Sciagent:
I don't think there is a best note-taking application, as everyone has very different needs. I personally have several notetakers that I used for a variety of purposes:
Flashnote: Very simple, lightweight hierarchical notetaker that I use for temporary notes I am referring to for work I am currently doing. This might range from needing a place to write down notes from a phone call, a place to put fragments of computer code or just wanting a scratchpad. This isn't long term storage, just a scratchpad.
I'm currently experimenting with using either Cintanotes, or SQLNotes, as my inbox (GTD terminology) where I place stuff to be done/processed while doing other work. Cintanotes is excellent as a lightweight "dumping ground" for stuff to be processed later, on the other hand SQLnotes is where I'm increasingly putting the processed info in my PIM/GTD system.
For my thesis work I'm using ConnectedText, which is a personal wiki. This has the semantic data that you're asking for, and is an outstanding implementation of a personal wiki (Wikidpad isn't bad, but if you're planning on using it heavily, ConnectedText is well worth the money). I use this for processed notes; that is notes on things that I have thought about/read/critiqued. I use it as an ideas processor for my evolving thesis work.
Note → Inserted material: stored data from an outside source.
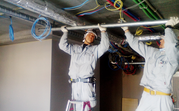 建物の用途や規模、収容人数に応じて設置が義務づけられている「消防用設備」。スプリンクラーや消火栓といった消火設備の施工は、法的にも社会的にもニーズが安定しており、今後も欠かせない分野です。 私たちは主に大阪府を中心に関西一円の大型ビルや高層マンション、商業施設などを対象に、スプリンクラー・屋内消火栓などの設置工事を行っています。 火災から人々の命や暮らしを守る、社会インフラの一端を担うやりがいある仕事です。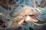 2013Dolfijn met haar jong. Naast moeder dolfijn gaat het jong vele avonturen tegemoed. Op naar volwassenheid.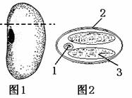33.右图中,图1表示一粒浸软的菜豆种子,某同学用刀片

I have a system where I place my bibliographic data into Zotero, pull out the Bibtex key for each item I write notes on and create a wiki page for it with relevant bibliographic data (title, abstract, tags and authors mainly). Then all my notes on that book/journal are linked to that item. Any other notes are placed in a notes bin, with relevant tags added. What's really useful about this, is once notes are in there I can very rapidly build meta-pages that pull in all notes that are tagged with 'phenomenology', and I can read through these, rewrite some of my notes and perhaps create a new note that summarises/critiques some of those ideas. Over time I use this to gradually evolve a paper, with all the relevant ideas in it as a 'first draft'. The really nice thing about this, is that it makes it trivial to keep track of where ideas came from, so you properly reference them in your papers. So I might create a note, that references five previous notes, and I can just follow the links back to those.
What I currently lack is a replacement for Evernote 2.2 (I lost my copy). I used to use this as a dumping ground for stuff that I found and didn't currently need/want to use, but thought might be useful one day. I guess SQLNotes might manage this
Finally, I'm currently experimenting with SQLNotes/InfoQube. This is a remarkably powerful program, that complements ConnectedText very well (neither does what the other does well, nor should they). The beta version has a LOT of rough edges, but it shows a lot of promise. Very steep learning curve, but for PIM needs it can almost certainly do what you want. I'm planning to use it for my GTD system, project planning, contacts info and (perhaps) as a replacement for Evernote's clipping capabilities.